Carreira e Educação

Reskilling, um dos grandes desafios do futuro do trabalho

Estamos nos movendo na velocidade necessária para sanar a crise de aprendizagem que, em meio a outras crises, pode estar passando sem a evidência merecida?

de Redação em 19 de maio de 2022
Faceslab/ Freepik.com

Ana Guimarães*

O ano era 2018, e o Fórum Econômico Mundial alertava para a necessidade de preparar a força de trabalho para um novo conjunto de habilidades compatíveis com os avanços tecnológicos e com as mudanças provocadas por fatores socioeconômicos e demográficos. O relatório apresentado já apontava que 54% dos trabalhadores precisariam de requalificação até 2022

Chegamos em 2022 atravessando uma pandemia que ditou um ritmo ainda mais acelerado para as transformações em curso, além de termos atingido o recorde de escassez de talentos no Brasil — em 2021, 71% dos empregadores apontaram dificuldades em preencher suas vagas; no mundo, o percentual alcançou 69%. Os dados são da mais recente pesquisa do ManpowerGroup sobre o tema.

Pergunto-me se estamos nos movendo na velocidade necessária para sanar a crise de aprendizagem que, em meio a outras crises, pode estar passando sem a evidência merecida? Nessa reflexão, aprofundo o papel das empresas em fechar o gap, mas é importante sublinhar que esta é uma responsabilidade compartilhada entre organizações, profissionais e outras instituições, como o próprio governo, visto que a falta de pessoas qualificadas para ocupar funções expoentes da Quarta Revolução Industrial impacta diretamente a economia dos países.

Em um contexto de mudanças perpétuas, que impõe a inovação como regra para organizações prosperarem, novas habilidades surgem a cada dia. E líderes estão cientes disso.

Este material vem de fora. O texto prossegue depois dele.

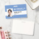 Um moderno crachá de identificação de funcionário horizontal com foto do funcionário, nome e cargo, bem como logotipo, nome e slogan da empresa. Se você deseja alterar a cor do crachá de identificação corporativo, basta clicar em "personalizar este modelo" e, em seguida, rolar para baixo até encontrar "clique para personalizar ainda mais" para acessar a ferramenta de design. Aqui você tem a capacidade de alterar a cor de todos os elementos de design e fontes.

De acordo com a Deloitte Global Human Capital Trends 2021, 72% dos executivos afirmaram “a capacidade de seu pessoal de se adaptar, requalificar e assumir novas funções” como o aspecto mais importante ou o segundo mais importante para enfrentar futuras disrupções.

De forma geral, as pesquisas do ManpowerGroup indicam que apostar na combinação de soft skills (habilidades humanas) e tech skills (habilidades relacionadas à tecnologia) será o mais acertado para as empresas. Afinal, segundo o Fórum Econômico Mundial, até 2025, os humanos e as máquinas dividirão as tarefas relacionadas ao trabalho em uma proporção de 50-50, enquanto 97 milhões de novos empregos surgirão nas áreas de IA, Economia Verde e Economia de Cuidados. Ao olharmos para o período de retomada, fica claro que este movimento já está acontecendo: a recuperação em “K” representa a ascensão de profissões ligadas às áreas citadas acima e tem as habilidades essencialmente humanas como sustentação.  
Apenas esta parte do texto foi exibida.